In this paper we analyze the possibility to achieve a hybrid plasmonic device operating at telecom wavelength by combining an active electro-optic polymer and a modified waveguide ring resonator (WRR) geometry with integrated in-plane electrodes. The electro-optical activity is created by doping the polymer load with Disperse-Red 1 (DR1) molecules, a chromophore known for its large electro-optic coefficient r33 [26]. We fabricated devices using a two-step lithography procedure with precise alignment. By characterizing the performance of the devices with leakage radiation microscopy [27], we measure a relative change of the transmission of the device upon application of an external trigger voltage. Further details with respect to the modulation, its timescale and origins are discussed.
2. Device fabrication
The fabrication of the DLSPPW ring resonators was realized via a multi-step fabrication scheme as shown in Fig. 1(a). First, a set of electrodes was patterned by exposing with a 30 keV electron beam a 200 nm-thick Poly(methyl–methacrylate) (PMMA) layer on top of a 60 nm-thick Au film. After development, the exposed gold regions were etched using reactive ion etching with an argon plasma to form electrodes defined by isolated trenches having a gap of g=4 μm. A snapshot of the electrode layout design file is displayed in Fig.1(b). The fabricated electrodes were electrically tested in order to evaluate both their damage and short cut thresholds. Up to 55 MV/m have been successfully applied on the electrode without obtaining structural damages.

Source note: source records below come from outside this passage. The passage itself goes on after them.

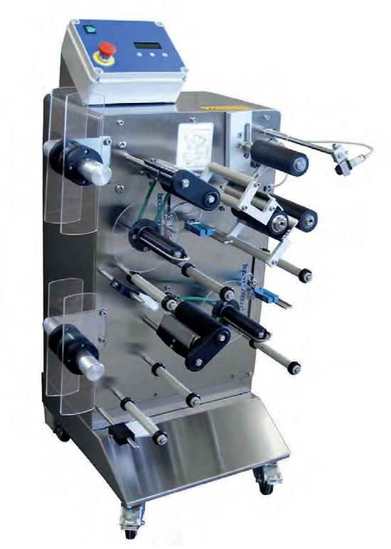 The ETI 20 is a semi-automatic adhesive labelling machine on wheels, designed to apply labels and back labels in a single work cycle thanks to its two independent reels.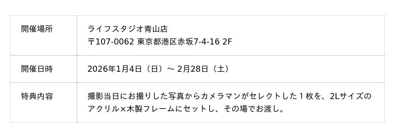 東京都港区・青山エリアにあるライフスタジオ青山店では、2026年1月4日(日)~2月28日(土)の期間、「撮影したその日」に2Lサイズのアクリル×木製フレーム付き写真をそのままお持ち帰りいただける冬のスペシャル撮影キャンペーンを実施いたします。家族写真・こども撮影を検討されているママ・パパに向けて、貸切スタジオ・衣装無料・撮影当日データ納品など、安心してご利用いただける内容をご用意しています。
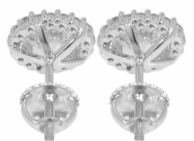 2.18 Ct. TW Round Diamond Stud Earrings in Halo Screw Back Mounts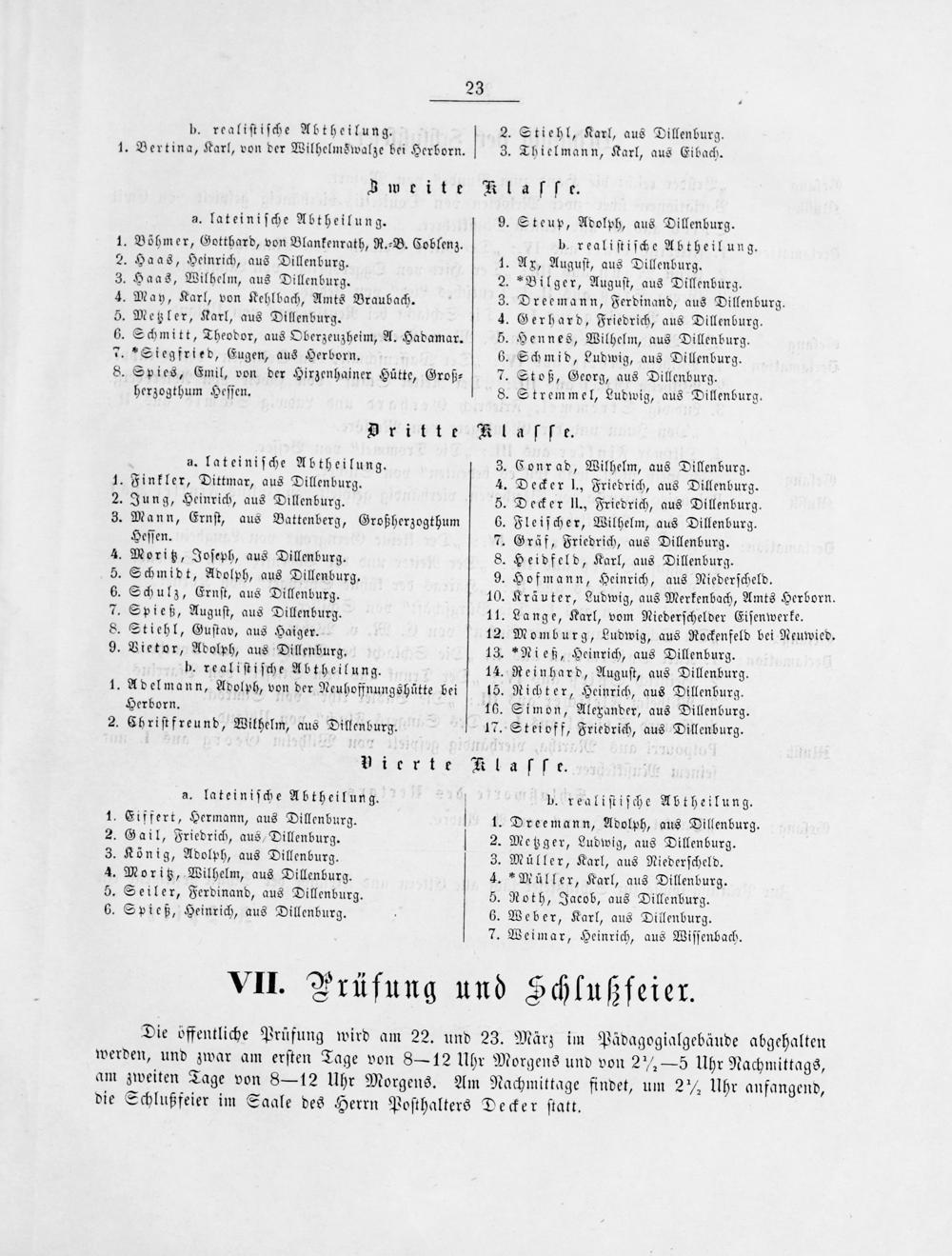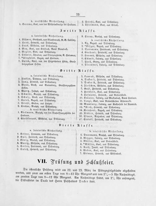 3 1. Finkler, Dittmar, aus Dillenburg. 4 2. Jung, Heinrich, aus Dillenburg. 5 3. Mann, Ernſt, aus Battenberg, Großherzogthum 6 Heſſen. 7. 4. Moritz, Joſeph, aus Dillenburg. 8 5. Schmidt, Adolph, aus Dillenburg. 9 6. Schulz, Ernſt, aus Dillenburg. 10. 7. Spieß, Auguſt, aus Dillenburg. 11. 8. Stiehl, Guſtav, aus Haiger. 12. 9. Vietor, Adolph, aus Dillenburg. 13. b. realiſtiſche Abtheilung. 14. 1. Adelmann, Adolph, von der Neuhoffnungshütte bei 15. Herborn. 16. 2. Chriſtfreund, Wilhelm, aus Dillenburg. 17. Dierte Kl

Fig. 1 (a) Overview of the various fabrication steps. (b) A snapshot of the design file depicts the electrode layout. The gray areas represent the isolating trenches between the electrodes. The crosses are the alignment marks used for precise fabrication of the WRRs on top of the electrode design.

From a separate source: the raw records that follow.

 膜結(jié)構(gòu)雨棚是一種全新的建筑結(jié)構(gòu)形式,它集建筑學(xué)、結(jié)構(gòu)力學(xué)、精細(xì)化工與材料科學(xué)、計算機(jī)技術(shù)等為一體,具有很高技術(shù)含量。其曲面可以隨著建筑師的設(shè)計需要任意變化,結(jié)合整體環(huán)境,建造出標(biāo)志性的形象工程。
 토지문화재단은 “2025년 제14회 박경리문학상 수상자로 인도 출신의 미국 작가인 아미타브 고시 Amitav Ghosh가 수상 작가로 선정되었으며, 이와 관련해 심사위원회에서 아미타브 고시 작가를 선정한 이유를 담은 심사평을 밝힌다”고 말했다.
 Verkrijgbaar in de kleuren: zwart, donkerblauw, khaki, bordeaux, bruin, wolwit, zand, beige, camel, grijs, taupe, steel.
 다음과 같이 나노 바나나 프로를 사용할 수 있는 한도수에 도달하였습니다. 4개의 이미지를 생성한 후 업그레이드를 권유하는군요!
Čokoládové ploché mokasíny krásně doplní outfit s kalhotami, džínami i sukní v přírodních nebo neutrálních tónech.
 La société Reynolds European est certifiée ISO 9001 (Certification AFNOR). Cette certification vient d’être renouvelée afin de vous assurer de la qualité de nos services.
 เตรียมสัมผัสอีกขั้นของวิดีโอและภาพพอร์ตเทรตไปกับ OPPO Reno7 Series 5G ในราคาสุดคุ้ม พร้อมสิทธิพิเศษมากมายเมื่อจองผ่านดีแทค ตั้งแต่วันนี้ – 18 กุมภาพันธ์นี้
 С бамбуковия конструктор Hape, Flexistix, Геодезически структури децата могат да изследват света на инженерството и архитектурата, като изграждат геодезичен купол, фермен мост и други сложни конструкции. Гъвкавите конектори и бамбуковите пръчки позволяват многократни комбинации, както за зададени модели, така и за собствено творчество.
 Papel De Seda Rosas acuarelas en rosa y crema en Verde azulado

The second fabrication step concerns the preparation of the active dielectric load for the plasmonic waveguide. The load is an electro-optical (EO) polymer composite synthesized by doping a PMMA resist with DR1 molecules. The composite films showed refractive index change ∼ 10−4, which was measured experimentally by using attenuated total internal reflection technique [40]. The preparation of DR1/PMMA polymer layers was done by the following method: A powder of DR1 molecules (Sigma-Aldrich) were dissolved in chlorobenzene, stirred for 24 hours and filtered in order to obtain a more homogenous yet diluted solution. Then depending on the desired weight percentage, a given amount of DR1 is mixed with a solution of PMMA and chlorobenzene and kept stirring for about 2 hours. We found a weight percentage of 25% (calculated based on respective solution densities before filtering) for DR1-PMMA to be optimal in terms of maximizing the electro-optical activity yet avoiding high absorption losses. In order to obtain films of PMMA/DR1, the solution was spin coated onto the substrate containing the electrodes at thickness around 500 nm, followed by drying of the films at 65°C in an oven to evaporate the solvent. For comparison purposes, undoped PMMA films were also deposited on pristine unstructured Au films and on substrates with electrode patterns.

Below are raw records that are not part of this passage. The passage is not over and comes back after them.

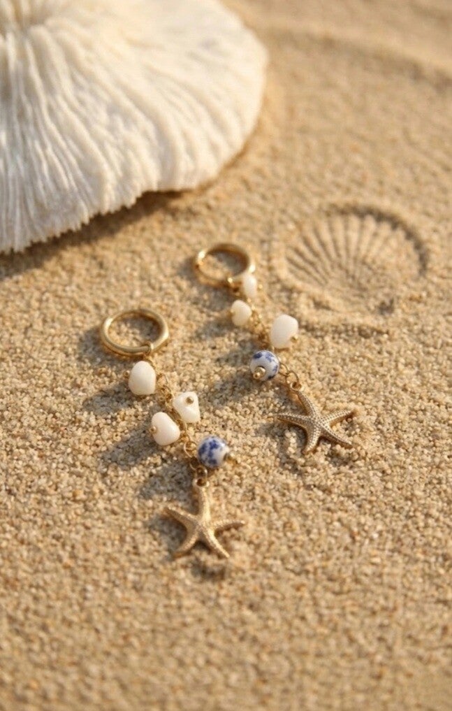 Craquez pour ces magnifiques petites créoles dorées, ornées de pampilles et de perles, inspirées de l’été et des vacances 🌴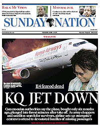 دیلی نیشن چاپ کنیا تمام صفحه یک خود را به حادثه سقوط هواپیمای خطوط هوایی این کشور اختصاص داده است.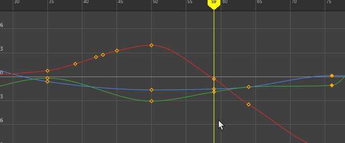 选择损坏的动画曲线(例如,“旋转 X”(Rotate X)、“旋转 Y”(Rotate Y)和“旋转 Z”(Rotate Z)),然后选择。 请参见“曲线图编辑器”(Graph Editor)的“曲线”(Curves)菜单。 |

Poling of the EO polymer was performed via the in-plane electrodes. The main advantage of using the in-built electrodes for poling is that there is no need for additional electrodes and their subsequent removal after poling. Samples were poled by applying a static electric field of 55 MV/m for about 30 minutes at 105°C and then cooled down to room temperature under applied electric poling field in order to freeze the oriented state of DR1 molecules.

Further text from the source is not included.